Les “bajaron” 500 pesos y les dijeron, casi exigieron, que se retiraran. Ellos no se acercaron, escucharon las fuertes detonaciones y fingieron no estar ahí. Avanzaron despacio en la patrulla, por el bulevar Zapata, hacia la avenida Nicolás Bravo, y casi al llegar recibieron el aviso por radio de un ataque a balazos y que varias unidades de la corporación se aproximaban al lugar. Entonces sí: prendieron la torreta y la sirena y se regresaron a la escena donde un automóvil Focus, con placas del Distrito Federal, ardía con tres jóvenes en su interior, seguramente ya muertos.
Sin nadie
—No hay apoyo en la policía, ¿cómo le haces sin sociedad, sin policía y sin gobierno?
—¿Qué hace uno?, nada más presentarse a trabajar y no tener problemas. Tengo tres años que no entrego detenidos, ‘“Es un abuso lo que hacen ustedes, lo quieren ver a uno como si fuera el asaltante, ¿qué más quieren?, aparte sueltan a los malandrines’”, le dije el otro día al agente del Ministerio Público.
“Yo no robé ni lo mandé a robar, me refiero al delincuente que uno detiene. Y precisamente por eso no meto ni un detenido. Entonces aprendes a hacerte del sistema, a hacerte pendejo. Trato de hacer mi trabajo lo mejor que puedo. Me gusta, no tengo boletas de arresto, me gusta andar limpio en mi persona y mi equipo, no falto ni llego crudo porque no tomo, pero en lo que es el trabajo lo mejor es aprender a no hacer nada. Se oye feo pero es la realidad: no hacer nada.”
Luis está avergonzado porque la noche anterior a esta entrevista, uno de las tiendas Oxxo que él y sus compañeros deben vigilar fue asaltada. Confiesa que escuchó la alarma, pero a lo lejos. Somnoliento, supo pero no pudo moverse. Su turno de 24 horas de trabajo no le permite mantenerse despierto a las tres de la mañana, habiendo empezado a las siete del día anterior: “Está pesado, te duermes, no la haces.”
Luis le echa hielos al vaso de refresco. Sonríe sin músculos impostores en su cara. Lo hace porque lo siente. Pero pareciera que no tiene otra más que ejercitar esos músculos faciales frente a la borrasca. En eso le viene a la mente la captura de un peligroso asaltante de las farmacias Farmacón. El hombre, recuerda, asaltaba y manoseaba a las empleadas. Diez era la lista de establecimientos comerciales “visitados” por el maleante. Escucharon el reporte de que había asaltado de nuevo y lo siguió en su bicicleta. Cuando lo tuvo de frente sacó su arma, le dio un cachazo y lo obligó a que se tirara al suelo.

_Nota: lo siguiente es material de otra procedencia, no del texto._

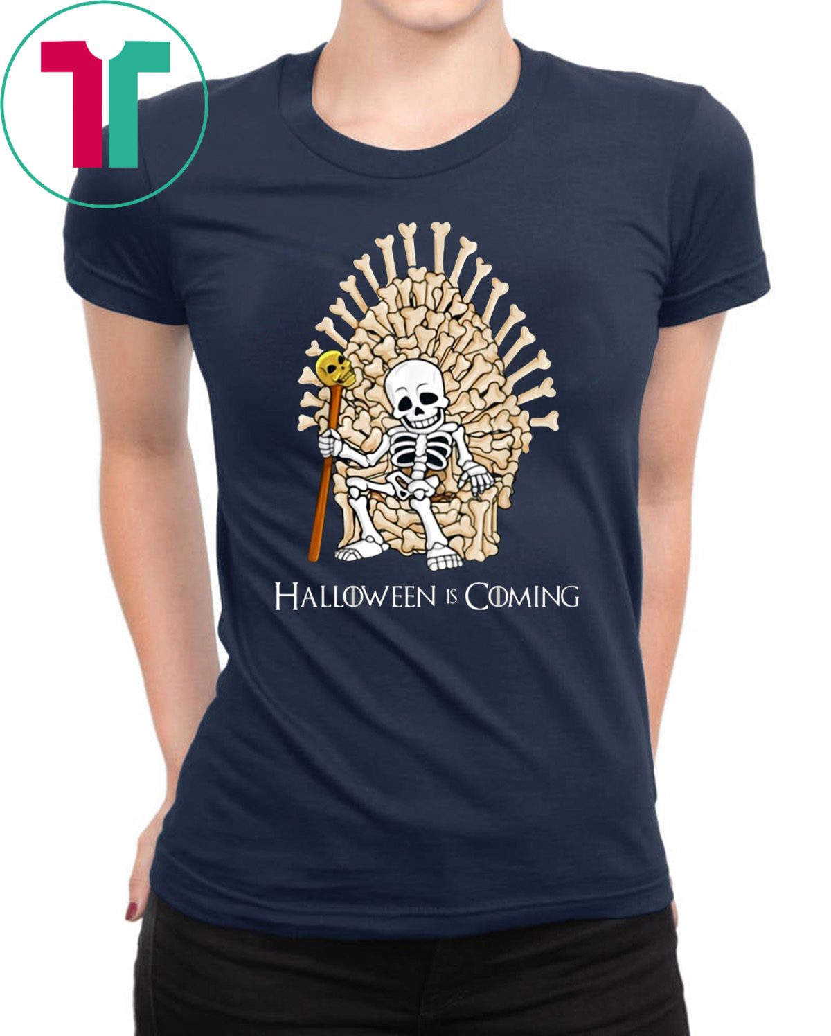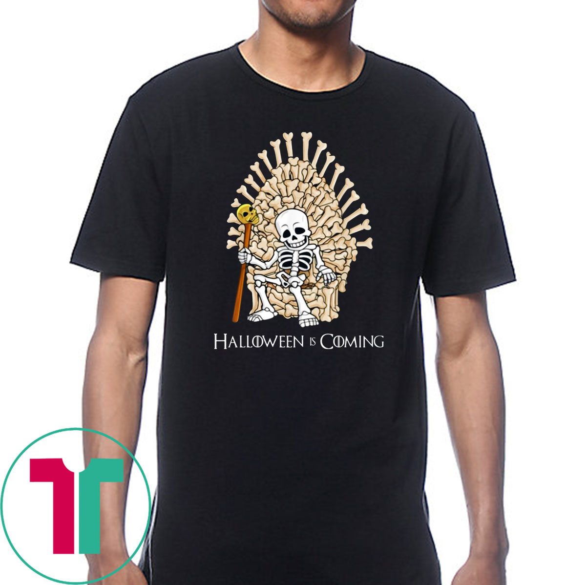 Skeleton Bones Throne Halloween is Coming T-Shirt

“No se quería tirar al suelo, no quería soltar el arma. Tuve que pegarle un cachazo para someterlo. Me acuerdo que estaban muy contentos los de Farmacón y los de la policía, los jefes. Tanto que nos dieron un reconocimiento y dos mil pesos. Me da risa: dos mil pesos… para cuatro polis.”
Lleva cinco años sin ingerir alcohol. Antes bebía todos los días: se embriagaba porque sí, porque no tenía de otra, porque era su manera de sobrevivir y “porque entre tantos muertos, muchos inocentes, de todo, mañana quizá no amanecía, ya no iba a estar.”.
Guarda silencio. Parece recogerse en sí mismo. En eso saltan sus ojos, se mueven otra vez sus manos. Levanta la derecha y la menea. El dedo índice, hacia arriba. Y expresa, casi a gritos.
“¡Giordano!, ¡ya me acordé! Se llamaba Giordano el muchachito aquel que mataron en Lomalinda. Su madre nos echaba la culpa, nos reclamaba que sucedió porque lo llevamos al Hospital General. Ella quería que lo atendieran en la Cemsi, en una clínica privada. Decía que por eso se había muerto. Por nuestra culpa.”
Y se pega de nuevo en la cabeza, esta vez con suavidad. Festivo por haber reconstruido ese pasaje, aunque doloroso, en su memoria.